In the wake of the by-elections the Tories are abandoning any pretence of ‘green’ policies at the behest of the tabloids and the far right. Rishi Sunak has scaled back previous commitments to achieve net zero carbon emissions by 2050, stating instead that the response of governments to the climate crisis needs to be “proportionate and pragmatic” – of course, from the perspective of capitalist profits, not long term environmental sustainability or human survival. Grant Shapps, the government’s ‘Secretary of State for Energy Security and Net Zero’, has stated that he plans to ‘max out’ North Sea oil.

The Labour Party are also blaming their defeat in Uxbridge on Khan’s extension of the low emissions zone, demonstrating their complete abdication of the fight to ensure a sustainable future for humanity. Meanwhile, the Earth burns. This demonstrates the Utopianism inherent in JSO’s strategy. Even if one of the pro-capitalist parties were convinced to ‘Just Stop Oil’, they could renege at any time or have any changes they did manage to make reversed by the next party to take power.

For a working class environmental movement!

The recent grassroots conference “We Make Tomorrow” which took place in Manchester demonstrates the road forward – through the trade unions and the working class. While raising crucial issues for the environmental movement, including the need for trade unions to support environmentalist demands and ensuring a just transition for workers in polluting industries, these are merely first steps on the road to solving the crisis.

The only social force in existence which is capable of resolving the crisis is the global working class. By organising itself and using its industrial muscle to gain control over the mechanisms of production, the proletariat can establish a democratically controlled, sustainable plan of production in the interest of human society and nature as a whole. This would require establishing a rational and sustainable metabolism between natural conditions and the needs of human civilisation.

It is the urgent duty of revolutionary communists to form an organisation capable of leading the proletarian struggle for the overthrow of capitalism and its replacement with an alternative system of production, which produces for the needs of society and nature rather than capitalist profits.
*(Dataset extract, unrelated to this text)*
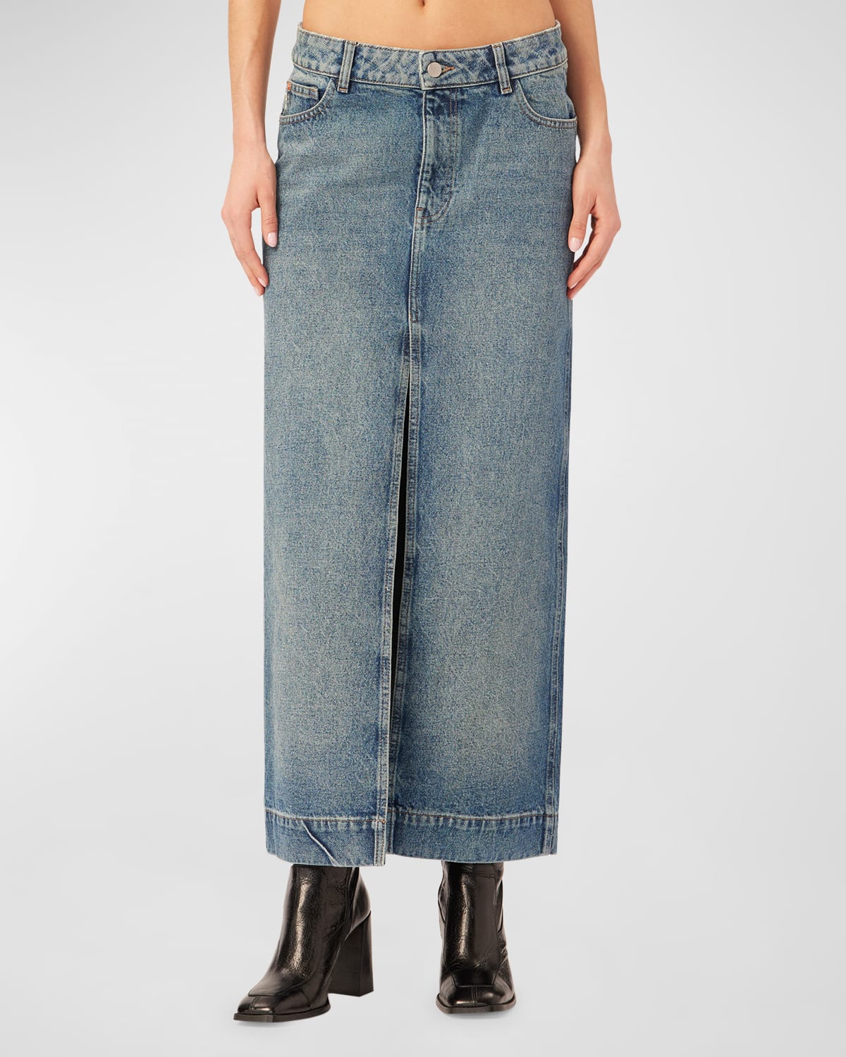 DL1961 Premium Denim “Asra” faded denim maxi skirt featuring a center front slit Five-pocket style Low-rise Skirt falls straight from hip to hem Full elngth Button/zip fly; belt loops Cotton Machine wash cold Imported

Such an organisation can only be a revolutionary party, organised on the principle of democratic centralism and revolutionary discipline.

If the working class fails to take leadership of this struggle, the environmental crisis, and the mass migration and economic destruction it causes, will drive a desperate population into the hands of the far right and fascist forces. The call for a revolutionary party is therefore no abstract demand, but an urgent and burning mission for all those engaged in environmental activism or the working class movement.

Global humanity as a whole is faced with a choice – the reorganisation of production on a sustainable, democratic basis via a socialist revolution; or a collapse into fascism, barbarism and ultimately extinction.

The struggle against the ecological crisis is therefore one and the same as the fight for a global socialist revolution, which will overthrow the existing anarchy of capitalist production and create a democratically planned economy, conducting rational, sustainable production in the interests of humanity as a whole (which includes preserving the possibility of life on earth). In the planned economy, workers currently in polluting industries will be retrained and redeployed to assist with constructing the socialist society on a sustainable basis. This construction must also include the cancellation of all ‘debts’ supposedly owed to global imperialism by the exploited semi-colonies, and a massive programme of technological investment to create a sustainable future for these countries.